Lady B: Yes, I treated myself to the most adorable tiara. 

I notice that the flag you're waving is not a European one though. 

Lady B: I've recently been shopping in Manhattan.

Oh. I see you're with Troy. He seems to have a Union Jack. 

Lady B: Yes, he wants to make Britain great again.

He's American though. Doesn't he want to make America great again?

Lady B: It's great enough already.

Lady B runs Studio Ballyfrumpy from County Offhand in Ireland, where she employs the good ladies of Ballyfrumpy to knit for her. Here is one of their creations for St. Patrick's Day. It's worn by Troy, a pilgrim from Dry Heaves, Minnesota.

Lord Brassica: What is this American oik doing here? 

Do you mean Troy?

Lord B: As we told that Osama fellow the other day, you Yanks need to butt out of British affairs.

Golly, Lord B. I can see that Americans really get your goat.

Lord B: What sort of barbarians are they? It's jolly bad manners to sit on a picnic table what. 

So, Lady B, are you a fan of Europe?

Lady B: Mais oui, bien sur.

So of course you'll be voting to stay in on June 23rd.

Lady B: No, I don't think so. I'd like to leave the European Union. They don't deserve my support.

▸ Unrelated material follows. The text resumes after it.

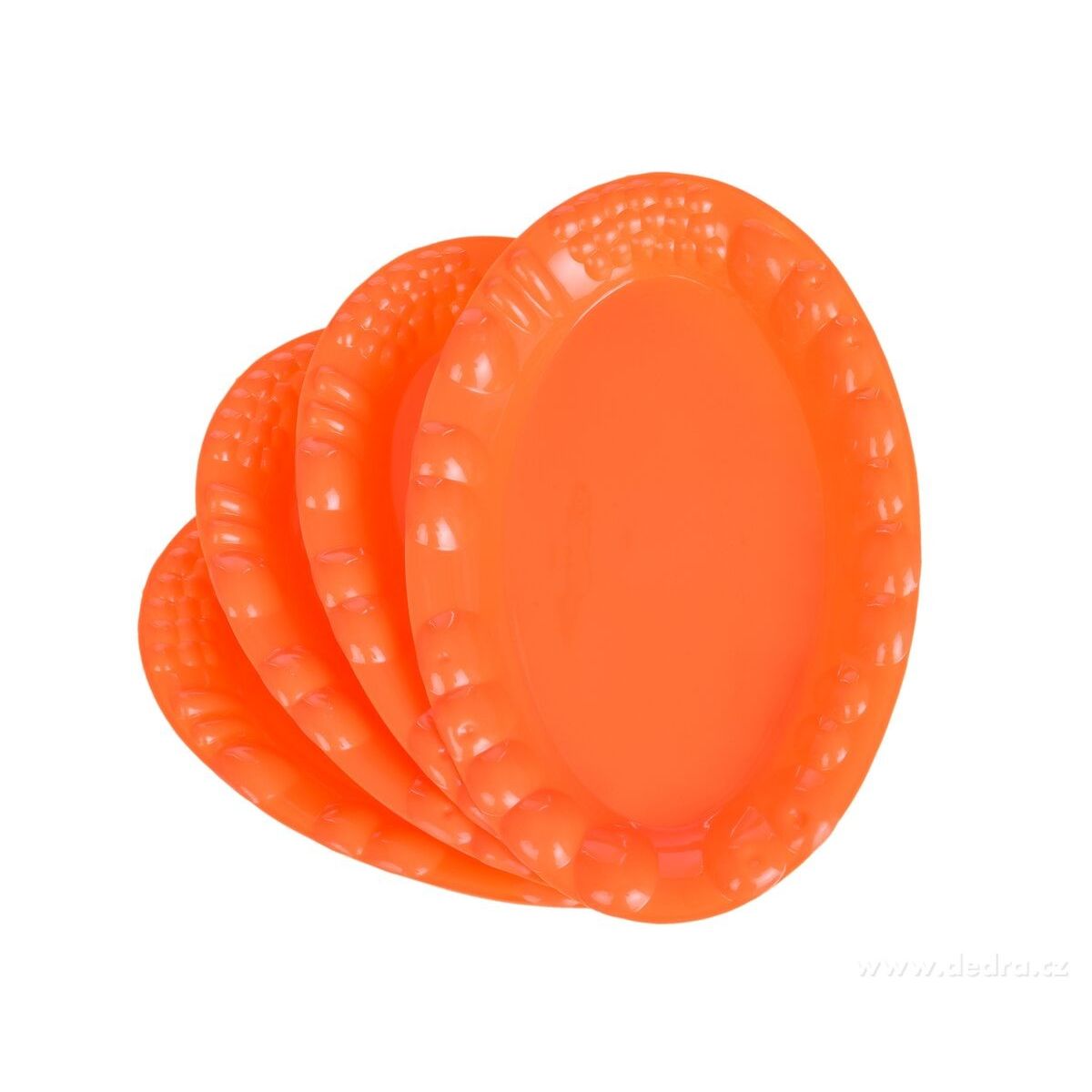 Sada 4 ks oválných talířů z odolného plastu, s ozdobnými prolisy na okrajích talířů. Rozměry: š 25,3 x h 16,8 x v 2 cm.

But you run a business in Ireland; that makes you a partner in the common market.

Lady B: Nevertheless, I'll be saying au revoir.

I hope you won't regret it.

Lady B: Je ne regrette rien.

Speaking of Ireland, Sean and Seamus are Irish brothers who travel widely in Europe with their campervan. Here they are on the Singel Canal in Amsterdam.

Hi guys. You'll be voting to stay in Europe I guess?

Sean: Sure and begorrah we will! 

Seamus: Personally I think Lady B is full of blarney.

Lord and Lady Brassica's son Root is a n'er-do-well who spends much of his time on benches, where he consumes great quantities of Belgian beer, German schnapps, French champagne, Spanish wine, Irish whisky, Italian grappe and just about anything with alcohol in it.

Hey, Root. You're a real connoisseur of European products. Will you be voting to stay in Europe?

Root: I'm not sure. Where's Europe?

Root's wife is Innocent, an ex-nurse and fashion model. Here she is waving the flag for Britain at the 2014 World Cup.

Hmmm. I've just noticed that the flag she's waving is not the Union Jack. 

Apparently she'll wave any flag that goes with her outfit. 

Some people can't decide which way to go. They're stuck and confused.

Look, people, it's really important that you engage with the debate and vote in the referendum. 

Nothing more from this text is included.